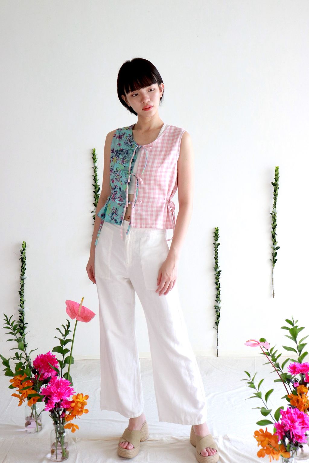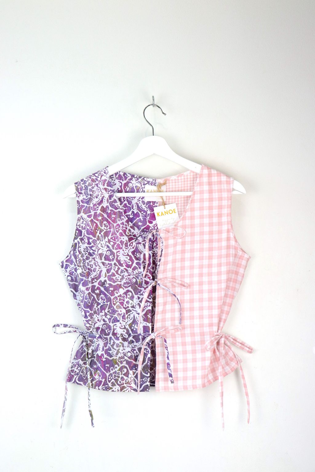If you like a fun mix in pattern, prints and colors... Check out our Limited Edition Triple Tie Front Vest!
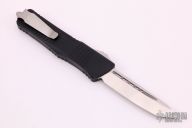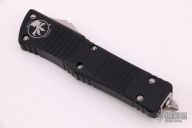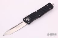 This Combat Troodon by Microtech features a satin finished tanto blade. The handle has a black aluminum frame with blasted hardware and tip down clip. Comes with original box and papers. Dated 05/2021 and s/n 34777. Excellent condition. Has a custom titanium clip by Maverick Customs, comes with a 3D printed tool to remove the glass breaker.
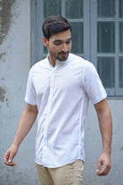Earthy Route TENCEL Lyocell Linen Snow White Half Sleeve Mandarin Collar Shirt

---------------

#### [Work instructions]
The images are to be left out; every line above should be set down exactly.

#### [Result]
If you like a fun mix in pattern, prints and colors... Check out our Limited Edition Triple Tie Front Vest!
 This Combat Troodon by Microtech features a satin finished tanto blade. The handle has a black aluminum frame with blasted hardware and tip down clip. Comes with original box and papers. Dated 05/2021 and s/n 34777. Excellent condition. Has a custom titanium clip by Maverick Customs, comes with a 3D printed tool to remove the glass breaker.
Earthy Route TENCEL Lyocell Linen Snow White Half Sleeve Mandarin Collar Shirt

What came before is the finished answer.